The effect of DHEA‐S was selective for the pulmonary circulation, since SAP was not altered (fig. 1b⇑). The reduction of PAP by DHEA‐S was not secondary to any alterations in cardiac output or haematocrit, since neither differed among the hypoxic groups (table 2⇑). A surprising reduction of haematocrit by DHEA‐S in normoxia (ND4 versus N, table 2⇑) was noted, for which the authors have no explanation, especially as DHEA‐S had no such effect in chronic hypoxia. The authors are unaware of reduced haematocrit being reported in humans ingesting DHEA or DHEA‐S. Cardiac output and SAP were not altered by DHEA‐S treatment in normoxia (table 2⇑ and fig. 1b⇑).
Thickening of the peripheral pulmonary vessels associated with chronic hypoxic pulmonary hypertension was evident in the study as a higher %TWPV in the H compared to the N and ND4 groups. DHEA‐S markedly reduced this increase in a manner dependent on the duration of treatment (fig. 1c⇑).

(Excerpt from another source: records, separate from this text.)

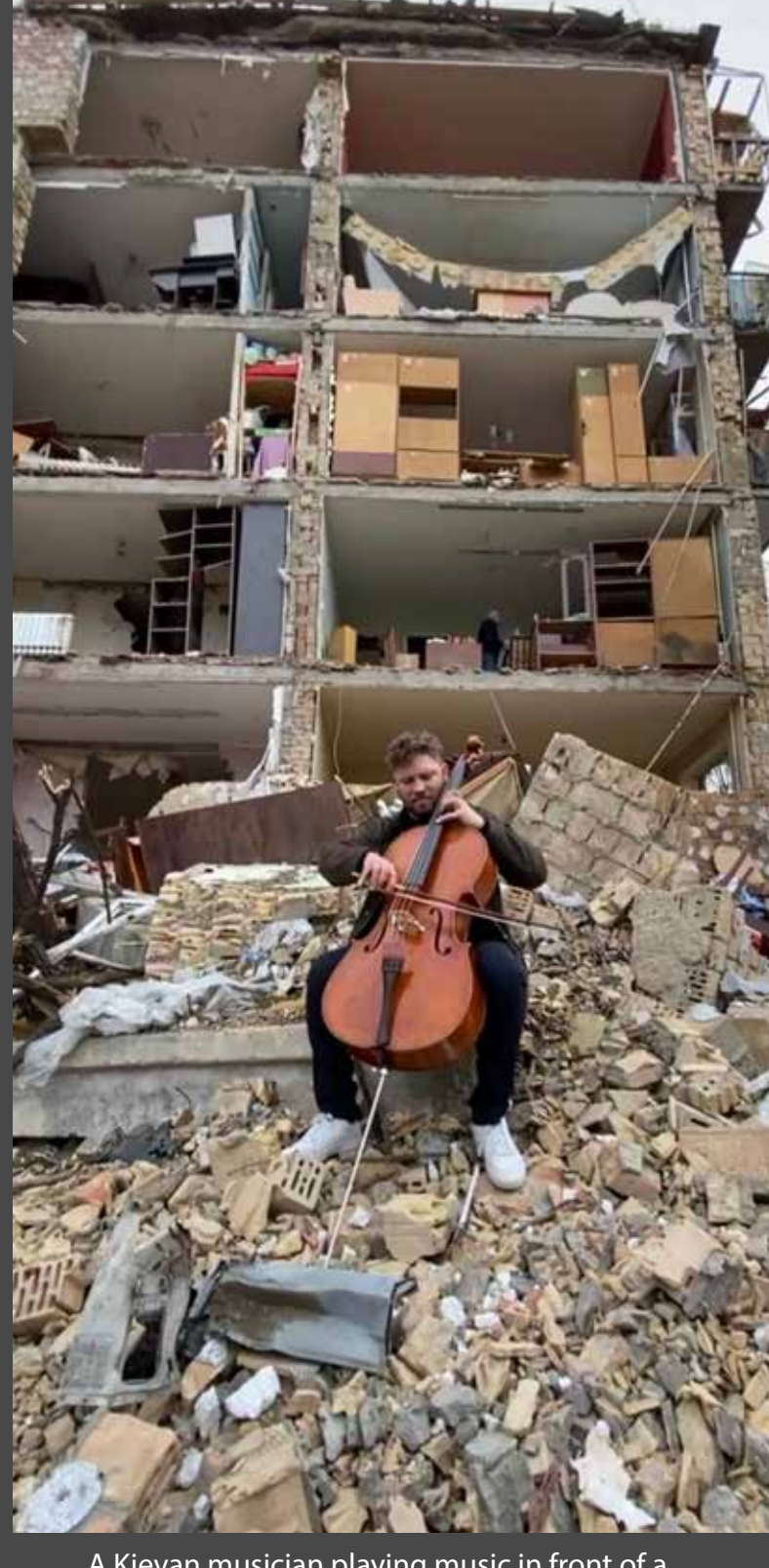
A Kievan musician playing music in front of a building that was shelled by Russian forces.

We are set to print 300,000 copies of our ministry book for refugees. It speaks to a nation traumatized by war. The powerful personal stories in the book are a source of faith, hope and persevering power in life's most devastating storms of which the war is certainly one of biggest Ukrainians will ever face.
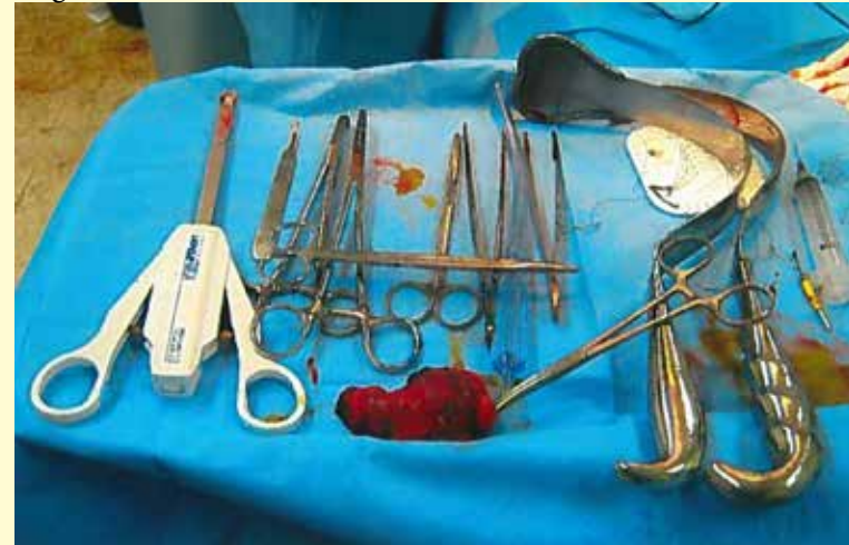
Figure 3 : Mini-cholecystectomy instrument set

Several cholecystectomies were performed, all through a 4 cm incision. Patients were released the following day. Total number of instruments in each of these "mini-cholecystectomies" was eleven and it was refreshing to revisit this surgical procedure (Figure 3).
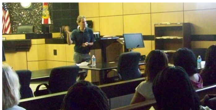
Health and Wellness
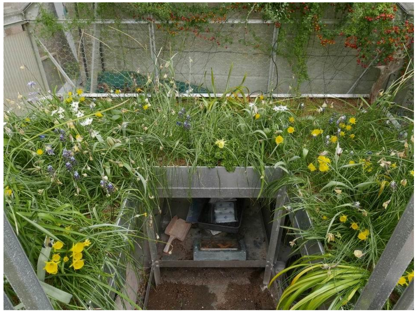
As the year progresses the flowers of those early bulbs fade and are replaced with waves of later flowering ones.

There now follows a photo-essay looking back at some of the sand beds trough the year starting with the 'U'shaped one. This picture, taken in mid-January, shows a stage of flowering close to what we have today in 2020, illustrating that the flowering time of these Narcissus varies considerably depending on the weather - as a result many of these narcissus are flowering for a second time in ten months.
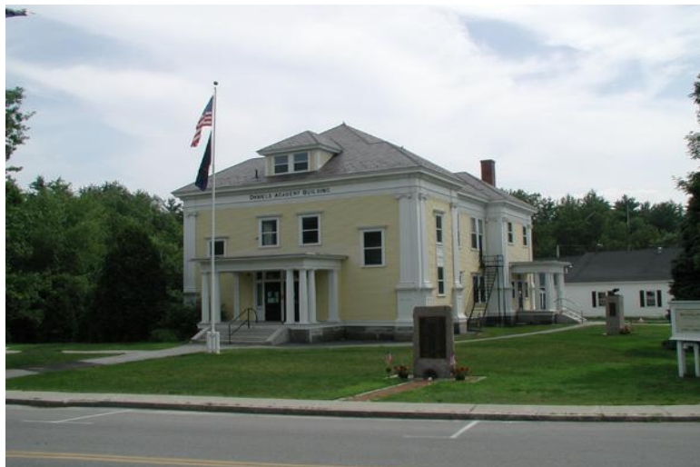
Brookline, NH – Town Hall (Daniels Academy Building)
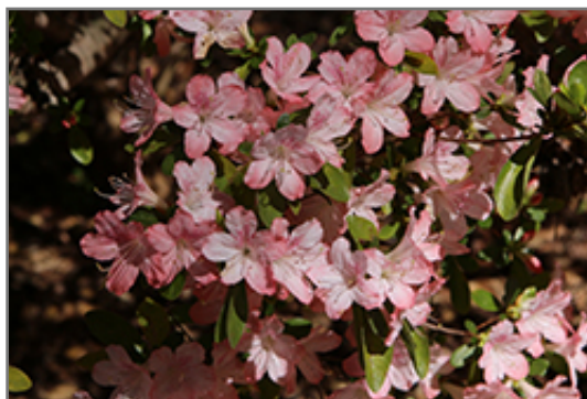
Shin Utena Azalea flowers

Chronic hypoxic pulmonary hypertension was associated with right ventricular hypertrophy: both the weight of the right ventricular wall and RV/LV+S were significantly higher in the H group than in the N group (fig. 1d⇑, table 2⇑). DHEA‐S administration from the beginning of the hypoxic exposure limited the development of right ventricular hypertrophy, as documented by a lower RV/LV+S in the HD4 group than in the H group (fig. 1d⇑). In addition, the weight of the right ventricular wall did not differ significantly between the HD4 and N groups (table 2⇑). However, the HD2 and H groups did not differ in right ventricular weight or RV/LV+S (table 2⇑, fig. 1d⇑). Left ventricle plus septum weight was unaffected by DHEA‐S (table 2⇑).
Discussion
The results show that both preventive and therapeutic application of DHEA‐S selectively reduces pulmonary hypertension elicited in rats by chronic exposure to hypoxia. This finding might be of clinical interest since a considerable experience with long-term DHEA or DHEA‐S ingestion by humans attests to its safety 16–18.

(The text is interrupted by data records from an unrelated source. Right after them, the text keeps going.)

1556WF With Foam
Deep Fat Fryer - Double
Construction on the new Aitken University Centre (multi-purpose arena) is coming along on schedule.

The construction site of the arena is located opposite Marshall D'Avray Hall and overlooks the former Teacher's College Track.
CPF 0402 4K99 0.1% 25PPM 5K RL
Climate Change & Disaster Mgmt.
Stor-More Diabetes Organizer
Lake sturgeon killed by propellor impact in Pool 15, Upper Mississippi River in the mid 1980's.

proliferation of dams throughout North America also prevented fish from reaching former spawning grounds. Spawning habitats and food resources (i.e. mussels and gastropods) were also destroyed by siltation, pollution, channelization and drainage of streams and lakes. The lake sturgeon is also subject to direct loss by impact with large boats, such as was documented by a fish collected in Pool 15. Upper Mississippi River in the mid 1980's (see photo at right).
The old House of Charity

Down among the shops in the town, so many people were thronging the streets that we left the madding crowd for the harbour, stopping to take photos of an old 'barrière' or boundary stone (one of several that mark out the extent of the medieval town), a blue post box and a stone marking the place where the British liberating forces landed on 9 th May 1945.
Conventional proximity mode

DHEA (3 beta-hydroxy‐5‐androsten-17-one) and its sulphated form are quantitatively the most abundant steroids in mammals, including humans 24. They are secreted by the adrenal cortex in response to adrenocorticotrophin stimulation 25. Although they have been known for more than half a century, their physiological role and mechanism of action are still poorly defined 24–26. DHEA is a precursor of biologically active androgens and estrogens, but that does not account for its multiple anticancerogenic, antisclerotic, antidiabetic, anti-obese and immunoprotective effects 24–26. These actions are not mediated through specific intracellular receptors. The proposed mechanisms of DHEA action include antiglucocorticoid activity for some of the effects (especially immunoprotective), antioxidant properties 24–26 and, most recently, activation of KCa channels 14. Each of the latter two mechanisms is capable of underlying the reduction of pulmonary hypertension by DHEA‐S observed in this study. The antiglucocorticoid effect is unlikely to play any role in this case because adrenalectomy does not affect the development of chronic hypoxic pulmonary hypertension 27.

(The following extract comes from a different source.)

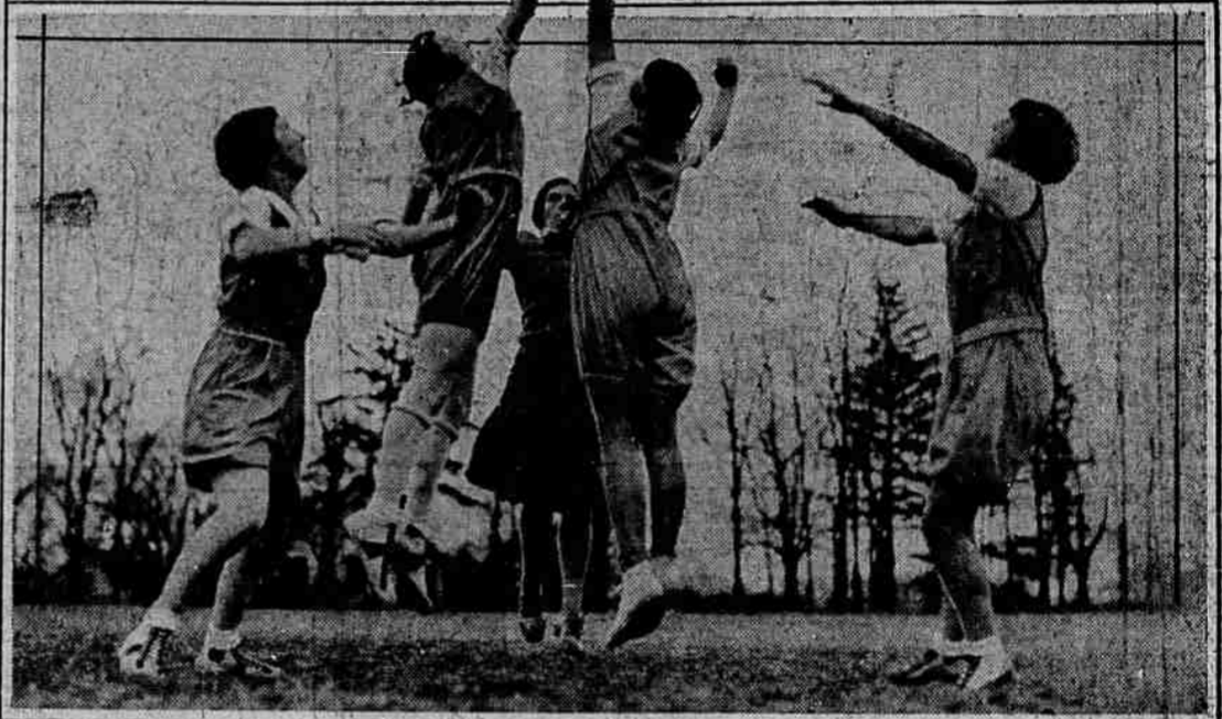
EXERCISE FOR COLLEGE GIRLS NOWADAYS isn't as gentle as it used to be, as you can observe from these scenes. The photo above shows a snappy bit of action during the field hockey game between freshmen and juniors at Savage School of Physical Education in Brooklyn, N. Y. Fighting for possession of the ball in the basketball game below are students at the New Jersey College for Women, at New Brunswick, N. J.

DHEA‐S was initially tested in this study to see the effect on KCa channel activation. While KCa channels are hardly active in the resistance pulmonary arteries under resting conditions, they open upon membrane depolarisation and increased [Ca2+]i 10–13. In this situation, KCa channel opening repolarises the cell membrane and, thus, functions as a servomechanism limiting the extent of depolarisation and consequent Ca influx, vasoconstriction, and proliferation 10, 12, 13. Although pulmonary vascular smooth muscle depolarisation and increased [Ca2+]i are present in pulmonary hypertension 28–33, and, thus, KCa channel activity would be expected to rise, it has actually been repeatedly shown to be reduced 31, 33, possibly due to downregulation of the channel protein expression. The cause and mechanism of this KCa channel downregulation is unknown, but it probably contributes to the sustained depolarisation and increased [Ca2+]i of pulmonary hypertension. Thus, it is likely that the pharmacological KCa channel stimulation by DHEA‐S compensated for the chronic hypoxia-induced loss of KCa channels' ability to limit vascular smooth muscle membrane depolarisation. It is interesting to note that nitric oxide, useful for clinical management of several forms of pulmonary hypertension, also causes pulmonary vasodilation by activating KCa channels 34.
DHEA‐S could also reduce pulmonary hypertension via its antioxidant capacity. Oxidative stress appears important in the mechanism of pulmonary hypertension 35. Treating rats with an antioxidant, N‐acetylcysteine, during chronic hypoxia blunts pulmonary hypertension to a similar extent as seen in the present study with DHEA‐S 36.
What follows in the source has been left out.